Since moving to the Czech Republic I have noticed that in Prague some changes are obvious, but others are perhaps harder to see--like the Czech versions of prejudices seen everywhere around the world. For example, some people here hold racist attitudes about the Romany (Gypsy) population. Many of the stereotypes they espouse are similar to those heard from American bigots about minority populations--they are dirty, dishonest, unintelligent, resistant to education, etc. As one of my students put it the other day, “They can’t help it. It’s their mentality--it’s different from ours.”

I address “isms” with my English language students as part of the culture of language. Sexism as a concept is relatively easy to bring up; for example, when teaching the salutation Ms., as opposed to Miss or Mrs., I find that most of my students have never heard of it. I explain that just as there is no need to know a man’s marital status automatically, there is no need to know a woman’s, and if they want to speak and write correct business English, they must drop the other forms (unless specifically requested by the woman they are communicating with). The majority of my students seem to see the value of this and it often leads to discussions about sexism in general.

The word “sexism” itself is something I usually have to teach. I do so by writing the word “racism” on the board. Most students invariably know this word because of local media reports about Czech racism--and American racism and South African racism and British racism human racism, that is. After they define racism, I take off the suffix and ask them to guess what the meaning is when I add various prefixes: sex, class, heterosex, age . . . . All of my students seem to get sexism--the meaning, if not the extent, of the problem.

After they learn the definition of the word, we usually discuss related terms and aspects, such as feminism. Many of the male students use terms like “horrible” to describe their view of it. Female students are usually rather quiet on the subject.
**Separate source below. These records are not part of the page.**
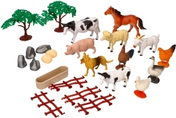 Set vsebuje plastične živali različnih velikosti, vključno s kravami, konji, ovcami, kokošmi, drevesi in drugimi dodatki, kot so ograje, kamni in jajca, ki zagotavljajo izobraževalni in ustvarjalni razvoj.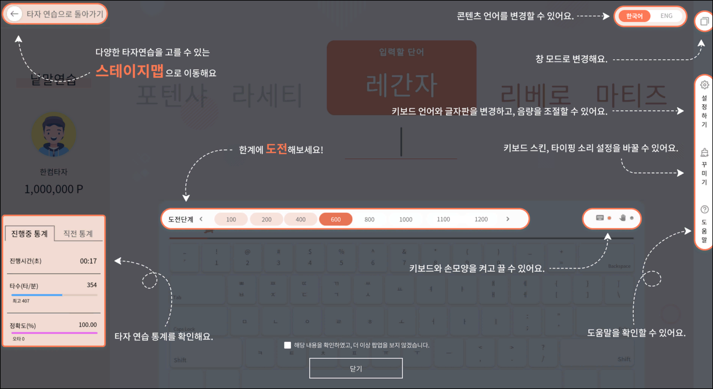 영문 자리연습·낱말연습·문장연습 모드가 모두 제공됩니다.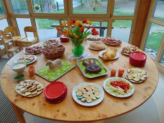 Der Höhepunkt der Osterzeit sind die Osterfeier mit schönen Osterliedern, und das tolle Osterfrühstück an Gründonnerstag. Auch in diesem Jahr kam der Osterhase vorbeigehoppelt um uns schöne Osterhasentütchen zu bringen.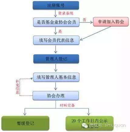 5、登记时限:材料完备的,基金业协会应当自收齐登记材料之日起20个工作日内,以通过网站公示私募基金管理人基本情况的方式,为私募基金管理人办结登记手续。

When asked directly about feminism they either refuse to comment or say they agree with equal rights for women but not necessarily with all of feminism’s tenets. So far, no women in my classes have said they object to feminism or find it “horrible.”

Many students, male and female, quite astutely challenge the word “feminism” as a positive term when “ism” is used in a negative way in the other examples I provide. This usually leads to a productive discussion of prefixes and suffixes--how they are used in different ways in different words and how one has to learn to understand the way a particular word is used. Other nonnegative terms I give as examples of “isms” are Catholicism, Judaism, Buddhism, and patriotism.

From “isms” we move to an extended discussion of discrimination. Classified ads here usually ask for someone unmarried, between 25 and 40 years old. Some actually ask for men only. Putting this in the context of employment discrimination usually leads to a lively discussion.

Since there is so much in the American press about affirmative action, reading exercises that play into students’ curiosity about the U.S. are easy to design. Czechs often know of affirmative action as “positive discrimination,” since there was some discussion in Parliament of implementing such a program to address discrimination against Romanys.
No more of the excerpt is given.